FIG. 1C shows an example of the web page underlying the third hyperlinked research area entitled “Control of Agent-Based Systems (CoABS)”, including the link “Projects” [0035] 103. The “Projects” link 103 directs the user to a list of projects, each with institution, title, and a list of hyperlinked years.
FIG. 1D shows the web page underlying “Projects” that includes the list of projects. This page includes one year for each project, while some others include two, three, or more years. Each hyperlinked year directs the user to summary information about the particular project for that year. [0036]
FIG. 1E shows the web page underlying the first hyperlinked year “2001”. This page includes project information. [0037]
To browse all of the project summary pages manually can involve a large amount of work to repeatedly position the mouse, click it, and wait for response. If the user is to also look for various things on these pages, even with an automatic finder, he or she needs to do so on each page separately. [0038]
According to an embodiment of the present invention, a system or method automatically traverses all of the links based on a declarative description of the link structures to be traversed. For the above example, the user can specify the starting web page address, and the links to follow at each level, which are “*”, “Projects”, and “*”, where “*” is a wildcard that matches all links. The link traverser can automatically traverses all the links described above and displays all the web pages in a single browser window. [0039]
According to an embodiment of the present invention, a method automatically traverses through links of a network, such as the Internet, following a traversal pattern provided by the user to obtain desired information. The user determines the traversal pattern. The traversal pattern can be described using a convention, for example, comprising a starting point and a set of links. The method collects search results from web pages the match the traversal pattern. The search results can be collated into a document, such as an HTML document, and displayed in a browser such as Netscape®. [0040]
It is to be understood that the present invention may be implemented in various forms of hardware, software, firmware, special purpose processors, or a combination thereof. In one embodiment, the present invention may be implemented in software as an application program tangibly embodied on a program storage device. The application program may be uploaded to, and executed by, a machine comprising any suitable architecture. Preferably, the machine is implemented on a computer platform having hardware such as one or more central processing units (CPU), a random access memory (RAM), and input/output (I/O) interface(s). The computer platform also includes an operating system and micro instruction code. The various processes and functions described herein may either be part of the micro instruction code or part of the application program (or a combination thereof), which is executed via the operating system. In addition, various other peripheral devices may be connected to the computer platform such as an additional data storage device and a printing device. [0041]
It is to be further understood that, because some of the constituent system components and method steps depicted in the accompanying figures may be implemented in software, the actual connections between the system components (or the process steps) may differ depending upon the manner in which the present invention is programmed. Given the teachings of the present invention provided herein, one of ordinary skill in the related art will be able to contemplate these and similar implementations or configurations of the present invention. [0042]
Referring to FIG. 2, upon determining a traversal pattern [0043] 201 a method can traverse a link graph 202 for target pages.
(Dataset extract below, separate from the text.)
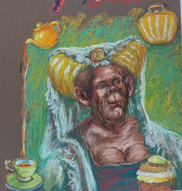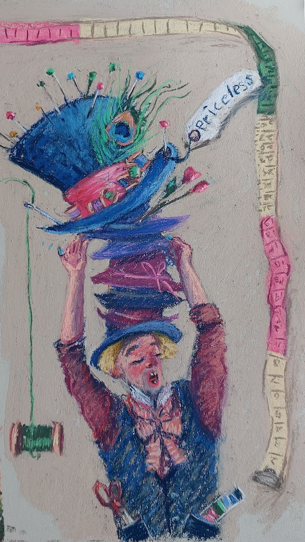 Nicolette van Dam, H. Hatter, 8 October 2023, Schmincke pastels on Canson Mi-Teintes Touch, 13 3/4 x 7 3/4 in. Alice met the scatterbrained Hatter at the mad tea-party.

Upon determining that the target text appears in a given web page, the web page can be appended to a results page 203 generated by the method. If a request for results is made 204, the results can be displayed 205. The results can be displayed prior to the method finishing a traversal of the link graph. The method determines whether additional links exist for traversal 206. Traversal of each new link can be done in a new thread. The method continues to traverse the link graph and append to the results until it determines that there are no more links that match the traversal pattern 207.
To prepare for the search, a user determines a repeatable traversal pattern while he or she performs a manual search on a web site. The traversal pattern can comprise hyperlinks for starting pages, a sequence of links to follow, and a target search string. The user can format the determined traversal pattern as a script using a specified convention. This script can be used to guide the method (e.g., a link traverser) through links and locate the needed pages. [0044]
The concepts underlying the script can be explained to an end user. The concepts can be implemented as components in a user-friendly GUI for receiving user input, for example, as described with reference to FIG. 3. Thus, the script can be generated from user input. The script can be based on any structured query language or a language of regular expressions. [0045]
The links of interest can be identified using pattern matching. End users can use keywords and/or wildcards for input into the GUI. Additionally, users can use the language of patterns directly. Pattern matching algorithms and implementations can also be used. [0046]
The traversal of the links can be multithreaded. Each thread can be used to explore a page. Each thread finds a set of new URLs on a page that matches the next step in the traversal pattern. If an end step in the traversal pattern is reached, the end page can be displayed and/or output. Threads can be exploited incrementally for accessing web pages, e.g., to reduce thread creation and connection time, threads can access multiple pages on the same web server. [0047]
The end pages that satisfy a condition, such as containing a target search string of the script, can be displayed and/or output. Further, intermediate pages can be output. Structure and statistics of the links traversed can also be collected and output, for example, showing a tree structure of the pages visited and collected, how many links where taken to reach an end page, or how many end pages where collected. The default for any condition to be satisfied can be set to “true.” Each page output can be preceded or otherwise associated with a URL of the page being output. [0048]
The results can be presented incrementally as the results are produced. The results can be displayed automatically in a web browser. The end pages can be appended to the display as they are returned. The content in the browser can scroll up automatically. The results can be written to a file, such as an HTML file stored, for example, on the local machine. [0049]
The method can be embodied as a JAVA application or be written in any other suitable programming language. A system according to an embodiment of the present invention reads in a script file prepared by a user and parses it into a traversal pattern. The traversal pattern provides information for the search. The information comprises one or more URLs of the starting web pages, a sequence of links to follow, and a name of the output file. The system opens an input stream from the starting web pages and reads in the HTML document and starts processing the sequence of links to follow. Eventually the system reaches leaf pages. It incrementally writes the pages into an output HTML file and incrementally displays this file in the default web browser. [0050]
The traversal pattern can be expressed with various notations and in a number of grammars. An example of a grammar for an abstract syntax is, for example: [0051]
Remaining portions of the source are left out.